### What the task asks:
Retype exactly what appears below from the line containing "Petugas saat melayani" down to the line containing "Do sprzedania hydroizolacja", keeping both end lines. Do not include pictures.

### Records supplied:
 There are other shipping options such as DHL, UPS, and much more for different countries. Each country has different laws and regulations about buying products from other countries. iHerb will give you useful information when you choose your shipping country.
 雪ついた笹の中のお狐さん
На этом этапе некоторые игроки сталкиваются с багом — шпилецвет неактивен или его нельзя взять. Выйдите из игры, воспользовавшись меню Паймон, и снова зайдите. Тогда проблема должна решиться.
...
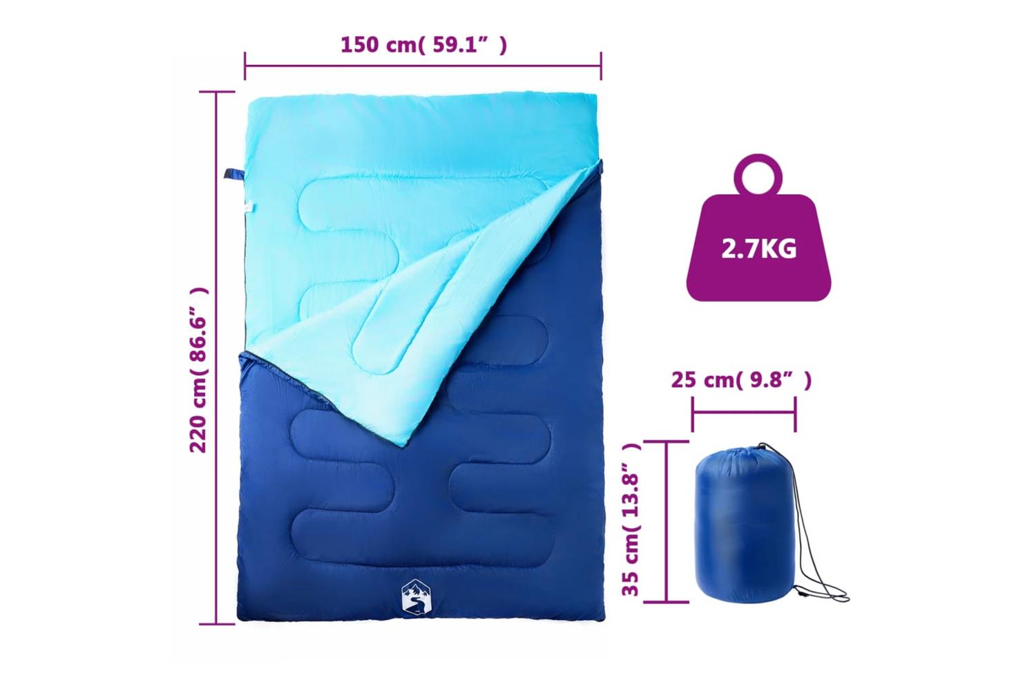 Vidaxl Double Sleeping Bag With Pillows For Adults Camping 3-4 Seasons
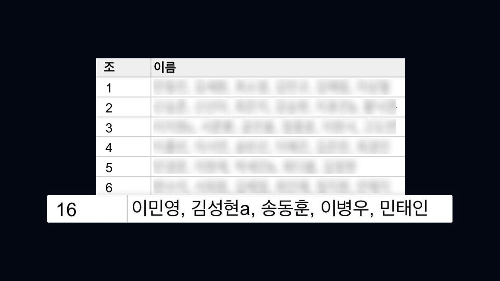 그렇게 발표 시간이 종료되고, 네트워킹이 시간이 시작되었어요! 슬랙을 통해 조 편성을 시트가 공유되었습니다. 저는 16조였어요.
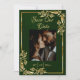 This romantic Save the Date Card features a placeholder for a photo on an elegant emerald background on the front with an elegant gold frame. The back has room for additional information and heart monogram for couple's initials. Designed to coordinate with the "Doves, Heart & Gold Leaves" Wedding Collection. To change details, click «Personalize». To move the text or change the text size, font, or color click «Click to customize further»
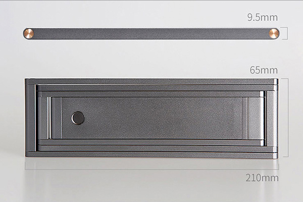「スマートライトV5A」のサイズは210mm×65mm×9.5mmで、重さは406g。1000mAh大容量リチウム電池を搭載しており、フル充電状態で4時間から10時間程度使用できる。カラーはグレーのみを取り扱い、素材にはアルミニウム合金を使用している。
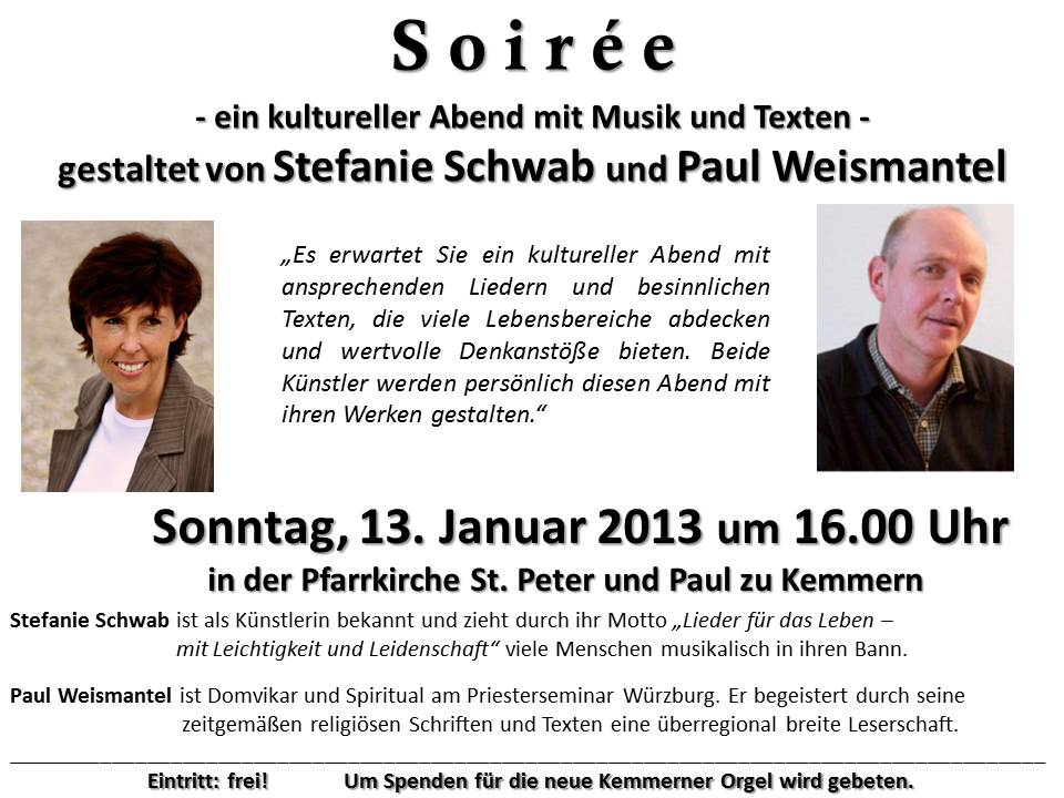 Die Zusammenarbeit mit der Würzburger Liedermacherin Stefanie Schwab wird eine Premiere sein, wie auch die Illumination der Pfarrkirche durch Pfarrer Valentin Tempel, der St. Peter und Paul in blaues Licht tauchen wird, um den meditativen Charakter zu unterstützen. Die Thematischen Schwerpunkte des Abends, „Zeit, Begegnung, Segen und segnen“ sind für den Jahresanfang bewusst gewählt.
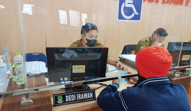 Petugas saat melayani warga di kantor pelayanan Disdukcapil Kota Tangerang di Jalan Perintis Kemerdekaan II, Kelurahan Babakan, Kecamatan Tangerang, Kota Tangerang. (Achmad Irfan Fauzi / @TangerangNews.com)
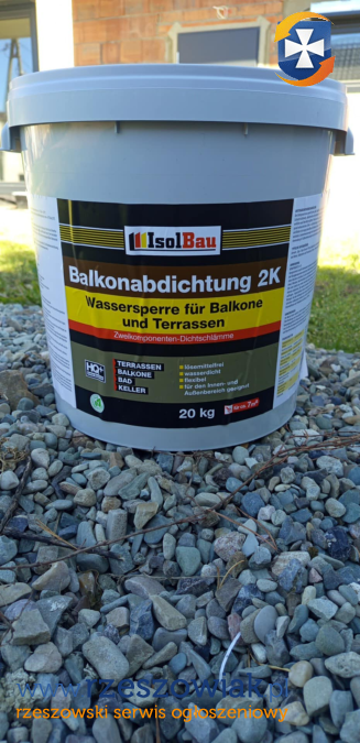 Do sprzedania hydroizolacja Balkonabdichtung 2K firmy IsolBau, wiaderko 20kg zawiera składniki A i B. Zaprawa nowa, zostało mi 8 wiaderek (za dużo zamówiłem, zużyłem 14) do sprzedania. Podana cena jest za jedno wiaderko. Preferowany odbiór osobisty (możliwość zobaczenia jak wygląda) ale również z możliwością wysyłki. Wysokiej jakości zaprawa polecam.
--
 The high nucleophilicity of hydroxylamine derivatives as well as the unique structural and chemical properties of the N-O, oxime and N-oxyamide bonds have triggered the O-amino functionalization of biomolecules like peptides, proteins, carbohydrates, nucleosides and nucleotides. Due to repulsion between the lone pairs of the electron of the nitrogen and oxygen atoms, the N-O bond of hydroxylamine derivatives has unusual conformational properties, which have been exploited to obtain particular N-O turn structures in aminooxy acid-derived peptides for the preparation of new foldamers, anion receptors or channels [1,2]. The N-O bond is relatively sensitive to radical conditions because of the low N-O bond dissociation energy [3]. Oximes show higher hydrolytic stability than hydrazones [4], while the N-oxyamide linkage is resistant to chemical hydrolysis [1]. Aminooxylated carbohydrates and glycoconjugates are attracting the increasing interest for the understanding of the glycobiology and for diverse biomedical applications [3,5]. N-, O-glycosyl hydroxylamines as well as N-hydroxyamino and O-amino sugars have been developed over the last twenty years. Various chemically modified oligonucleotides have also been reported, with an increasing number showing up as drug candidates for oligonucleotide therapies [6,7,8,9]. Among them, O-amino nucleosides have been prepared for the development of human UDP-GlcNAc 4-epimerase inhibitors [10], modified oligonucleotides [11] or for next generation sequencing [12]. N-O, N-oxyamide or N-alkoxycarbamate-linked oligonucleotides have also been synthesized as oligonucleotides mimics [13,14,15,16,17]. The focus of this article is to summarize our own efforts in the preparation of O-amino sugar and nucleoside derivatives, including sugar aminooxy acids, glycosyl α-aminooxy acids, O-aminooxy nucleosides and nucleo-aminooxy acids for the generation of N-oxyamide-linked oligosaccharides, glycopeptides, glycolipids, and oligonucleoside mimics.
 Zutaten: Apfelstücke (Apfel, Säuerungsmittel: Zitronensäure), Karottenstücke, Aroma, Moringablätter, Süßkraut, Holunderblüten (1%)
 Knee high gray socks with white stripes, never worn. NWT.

### Expected output:
 Petugas saat melayani warga di kantor pelayanan Disdukcapil Kota Tangerang di Jalan Perintis Kemerdekaan II, Kelurahan Babakan, Kecamatan Tangerang, Kota Tangerang. (Achmad Irfan Fauzi / @TangerangNews.com)
 Do sprzedania hydroizolacja Balkonabdichtung 2K firmy IsolBau, wiaderko 20kg zawiera składniki A i B. Zaprawa nowa, zostało mi 8 wiaderek (za dużo zamówiłem, zużyłem 14) do sprzedania. Podana cena jest za jedno wiaderko. Preferowany odbiór osobisty (możliwość zobaczenia jak wygląda) ale również z możliwością wysyłki. Wysokiej jakości zaprawa polecam.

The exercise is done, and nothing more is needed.